Per millennial tradition, I also thought about ghosting without a final post. Because goodbyes imply finality and let’s be real, I will live on in the New Voices’ comments section forever. Goodbyes are also universally terrible. They’re either too clipped or too drawn out, too sappy or too cavalier.
So, instead of goodbye, I just want to say thank you. Thank you to this crazy organization for putting a platform in the hands of the young and inexperienced since 1970, for trusting in their vision. Thank you to the New Voices veterans who mentored me over many phone calls and cups of coffee. And most of all, thank you to New Voices’ student writers, whose hard work, journalistic inquiry, and unadulterated chutzpah made me excited to go to work every morning – and keeps me continually excited about where American Jewish life is headed. You’ve created this magazine, and I’ve been honored to watch.

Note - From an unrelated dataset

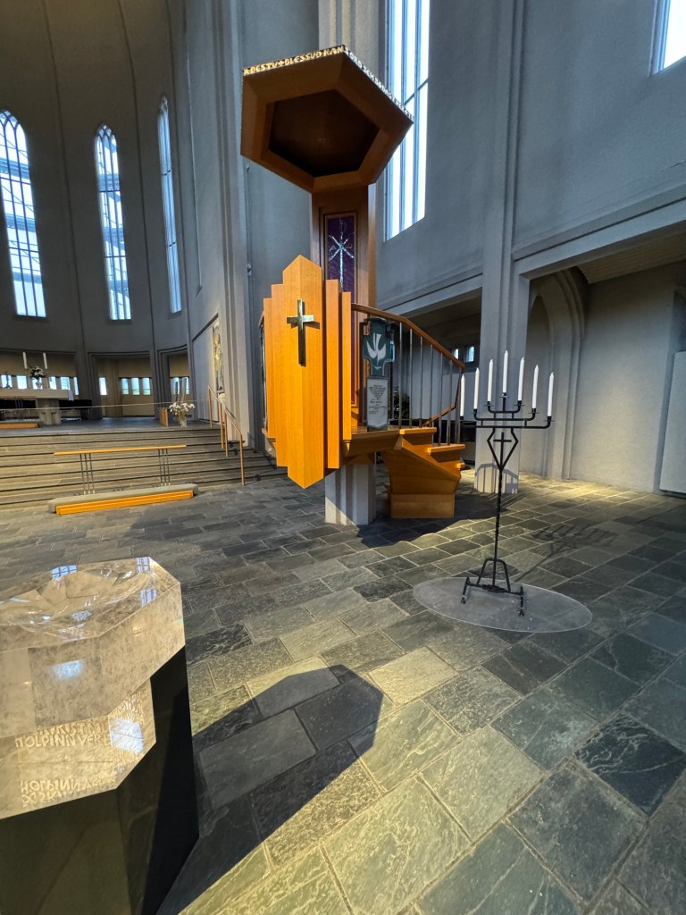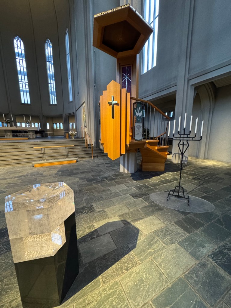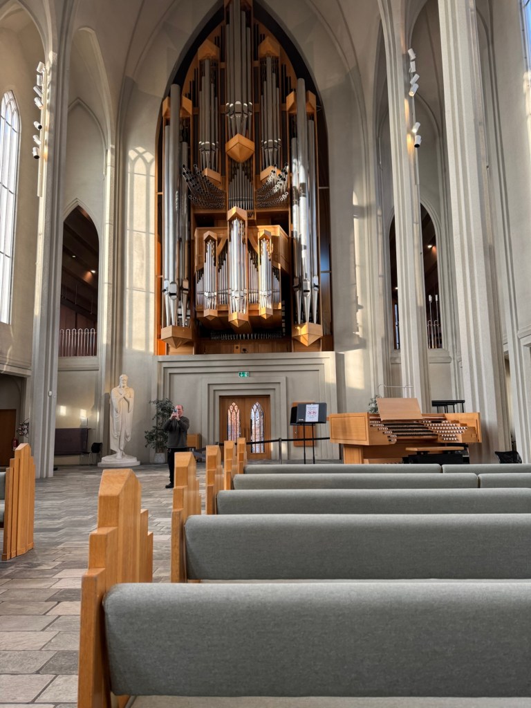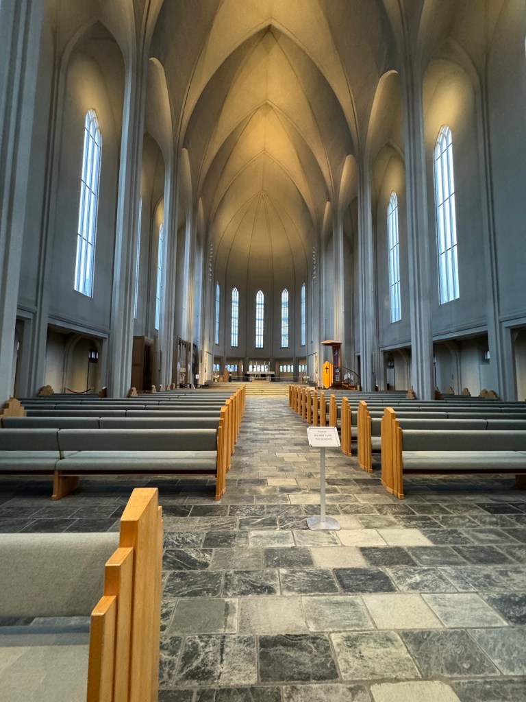 Graham was teasing me that us Lutherans do not know how to do churches and asked me where all the elaborate art and all the gold was. Over the years, Graham has seen plenty of Lutheran churches and knows that they are not all as plain as this one. The physical building of the church I grew up in and where we got married in predates the foundation of the Lutheran church and therefore is not quite as plain as churches that were designed for the Lutheran church. He has also seen some Lutheran churches that are positively dripping with intricate mosaics and one could be forgiven to think that these were Russian orthodox churches. However, Hallgrímskirkja was definitely at the very plain end of the spectrum and a great example that very plain can be very beautiful.
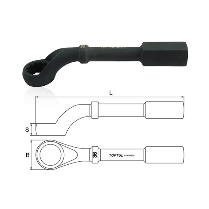 TOPTUL AAAU2727 Slogging Ring Wrench 45° Offset (27mm, L=250mm) | EMIN.COM.LA

The New Voices desk has some new paraphernalia now: a postcard of Jewish anarchist Emma Goldman, old stickers and schedules from the past two Jewish student journalism conferences, a complimentary punk klezmer album for review… I can’t wait to see what Abby will add and how the desk will look to incoming editors, wondering to themselves what they’ve just taken on.
Whoever you are, don’t worry. You made the right choice.
Sara Weissman was the Editor in Chief of New Voices from October, 2016 through June, 2018. She’ll be starting Columbia Journalism School in the fall.